The final paragraph of Justice Kennedy's decision is being hailed as an eloquent and humane expression that identifies what was really at stake in the marriage case: not the Constitutionality of traditional marriage laws, but the dignity and happiness of a particular group. Here is the full paragraph:
No union is more profound than marriage, for it embodies the highest ideals of love, fidelity, devotion, sacrifice, and family. In forming a marital union, two people become something greater than they once were. As some of the petitioners in these cases demonstrate, marriage embodies a love that may endure even past death. It would misunderstand these men and women to say they disrespect the idea of marriage. Their plea is that they do respect it, respect it so deeply that they seek to find its fulfillment for themselves.

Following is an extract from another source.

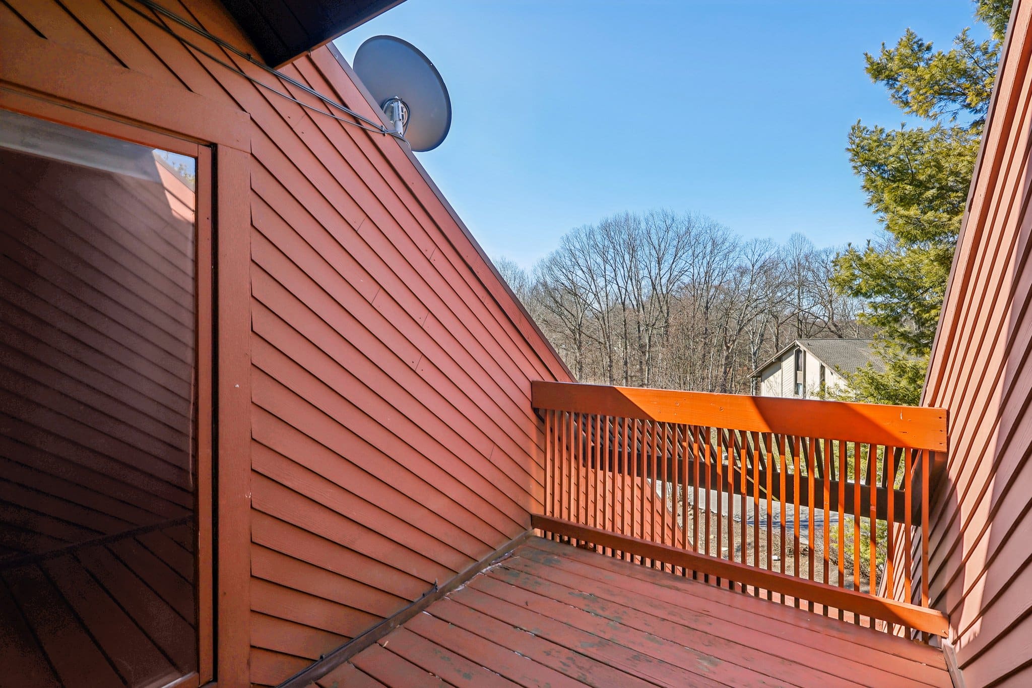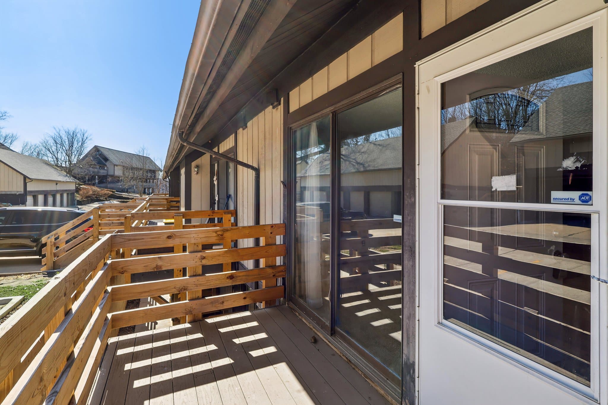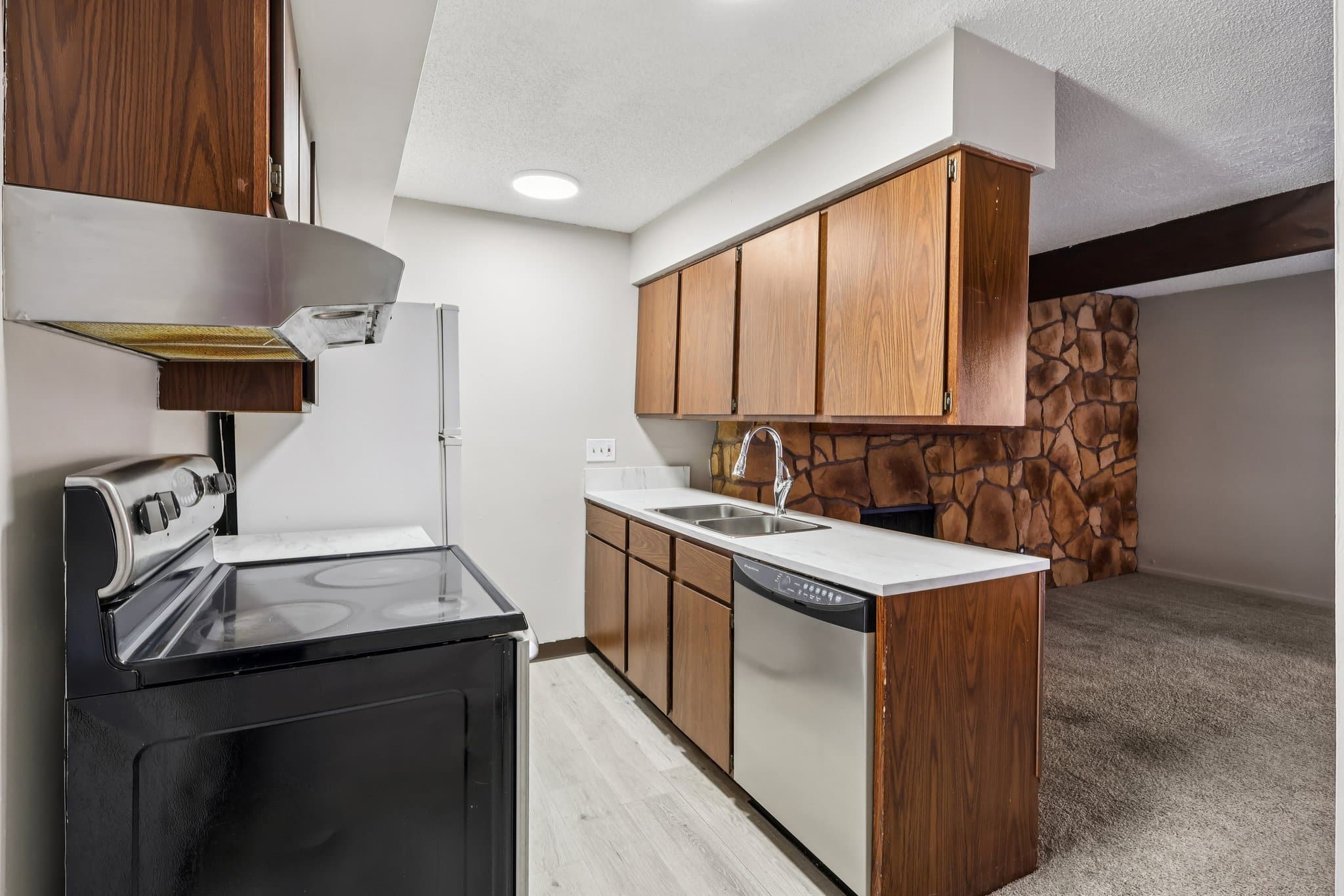 The galley kitchen comes fully equipped with all appliances and overlooks the cozy family room, where a stone fireplace creates a warm focal point. Sliding doors lead to your private balcony deck, ideal for morning coffee or relaxing evenings.

Their hope is not to be condemned to loneliness, excluded from one of civilization's oldest institutions. They ask for equal dignity in the eyes of the law. The Constitution grants them that right.
And for an example of response, see this teary appreciation in Slate.
Obviously, Kennedy's words are moral instruction, not legal reasoning. For that very reason, they are a rallying cry, neatly joined to the celebrations that have ensued this week.
It is easy to denounce them on classic liberal grounds. The opening sentence is offered as a self-evident premise, with the list of nouns at the end intensifying the topmost value of marriage. No union is more meaningful and consequential, it says. Who could doubt its truth when it reinforces such hallowed virtues?
Of course, many Americans could. Religious believers consider marriage a sacred union, but they don't set it ahead of the union of man and God. The First Commandment and Jesus's words in Mark 12 (“Love the Lord your God . . .”) tell them so.
And we have a feminist tradition that regards marriage as tainted with patriarchy, plus a Marxist tradition that ties it to bourgeois ideology.
On an individual level, many people have experienced the union of parent and child more profoundly than the spousal union.
And what about all those people who have found marriage a disaster and divorced, or who prefer the single life by choice? In their case, Kennedy is telling them precisely the opposite of what today's tolerance decrees must never be said: “your preferences are defective—you are a failure.”
And so we can argue that Kennedy's benign-sounding intonation is no such thing. It is, instead, judgmental and exclusionary.
But we can't stop there. It isn't enough to say that this conclusion to the opinion marginalizes the faithful and unmarried and badly-married. We have to go to the substance of the claim and prove it wrong. That means holding Kennedy's thinking up to the glare of logic and morality and exploding it.
It isn't hard. This specimen of righteous rhetoric is thin and manipulative. It survives on emotion, not reason.
Look at this sentence:
Their hope is not to be condemned to loneliness, excluded from one of civilization's oldest institutions.
This assertion is so baldly specious and phony that one wonders how none of the clerks caught it on the way out the door. Kennedy appeals to one of civilization's oldest institutions as if it were an empty thing waiting to be filled with couples. His locution suggests that people have been excluded from it for reasons external to marriage itself, as if one-man-and-one-woman weren't essential to the definition of marriage all along.
But that's what marriage always was. To say that admitting same-sex couples to marriage merely removes an artificial barrier is to utter a falsehood. Kennedy's decision doesn't honor the age-old institution. It changes it fundamentally. He cites traditional marriage for authority in this decision, then proceeds to change it for good.
It is no surprise that Justice Kennedy's reasoning is so distorted—and so annoyingly pompous. We've seen it before. The statement in Planned Parenthood v. Casey—“At the heart of liberty is the right to define one's own concept of existence, of meaning, of the universe, and of the mystery of human life”—will endure as a prime specimen of fatuous individualism.
And in the disparate impact decision last week, Kennedy offered another sweeping judgment that waxes rhetorically and wanes semantically. It comes in another closing paragraph, whereby our self-inflating lawyer offers a national moral proclamation:
Much progress remains to be made in our Nation's continuing struggle against racial isolation.
The words tumble forth in two tiresome cliches—”progress remains to be made,” “continuing struggle”—with a new catchword added on: “racial isolation.” Don't ask what “racial isolation” means. The closer you look, the emptier it becomes.
Mark Bauerlein is senior editor of First Things.